Course Project: LLM-Augmented Data Pipelines

Proposal Due: Monday, February 23, 2026 at 11:59 PM Points: 100 (proposal) + 900 (project total) = 1000 total Repository: cis6930sp26-project (private, add cegme as Admin) Type: Individual project (no teams)

Overview

For your course project, you will design, implement, and evaluate an LLM-augmented data pipeline. Your project must include:

A research question that explores the intersection of data engineering and LLMs
An implementation using MCP servers and LLM orchestration
A rigorous evaluation comparing your approach to baselines

This is an individual project. You will work independently throughout the semester.

Research Questions

Your project should answer a research question that involves data engineering and LLMs. Good research questions are:

Specific: Focused on a measurable outcome
Comparative: Compare LLM approach to traditional methods
Evaluable: Can be tested with concrete metrics

Why Research Questions Matter

A well-crafted research question is the foundation of a successful project. Your research question determines what you build, how you evaluate it, and what conclusions you can draw. Projects without clear research questions often result in unfocused implementations and weak evaluations.

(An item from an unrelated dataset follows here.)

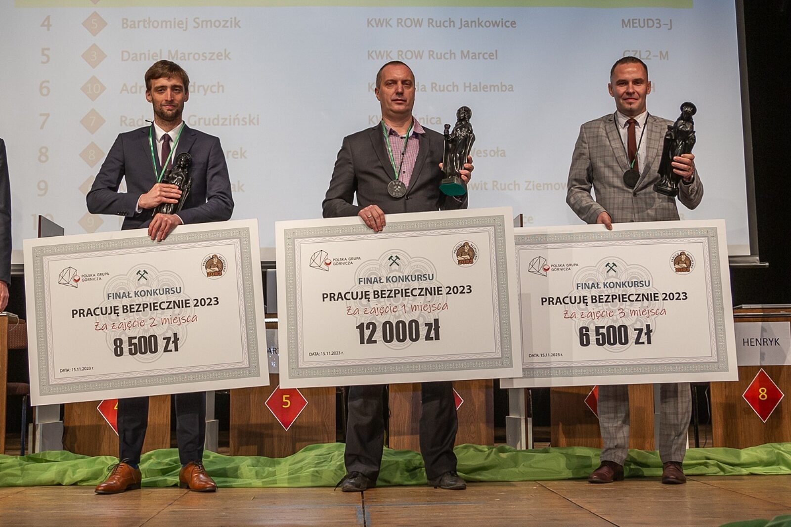Półfinał „Pracuję bezpiecznie” odbędzie się 5 listopada. Jego gospodarzem będzie kopalnia Piast-Ziemowit. Na tym etapie pracownicy zmierzą się z zadaniem pisemnym składającym się z 30 pytań. Z grona ponad 60 osób wyłonionych zostanie dziesięciu finalistów, którzy będą walczyć o tytuł mistrza bhp i czek na 12 tys. zł. Warto dodać, że zdobywca drugiego miejsca otrzyma 8 tys. zł, a trzeciego – 6,5 tys. zł. W minionym roku w konkursie triumfował Tomasz Oboński, sztygar zmianowy oddziału przodkowego GRP-W1 z ruchu Wujek kopalni Staszic-Wujek. Zgodnie z tradycją konkursu to właśnie kopalnia, z której pochodzi ostatni zwycięzca, organizuje finał zmagań. Ten zaplanowano na 15 listopada.

Interesting questions motivate your work and engage your readers. Ask yourself: Would someone working in data engineering care about the answer? Does the question reveal something non-obvious about how LLMs interact with data pipelines? The best questions challenge assumptions or explore uncharted territory.

Measurable questions allow you to draw concrete conclusions. Avoid vague questions like “Are LLMs good at data cleaning?” Instead, specify what “good” means: accuracy, speed, cost, robustness to edge cases. Your question should naturally lead to experiments with quantifiable outcomes.

Consider these contrasts:

Weak Question	Stronger Question
Can LLMs help with data quality?	Does GPT-4 detect more data anomalies than rule-based validation on sensor data with 5% injected errors?
Is MCP useful for ETL?	How does development time compare between hand-coded and MCP-orchestrated ETL for integrating 3 heterogeneous APIs?
Are LLMs better than traditional methods?	At what data volume does the token cost of LLM-based schema matching exceed the development cost of training a supervised matcher?

Your research question will evolve as you work. Start with a hypothesis, and refine it as you learn more about your dataset and the capabilities of your pipeline.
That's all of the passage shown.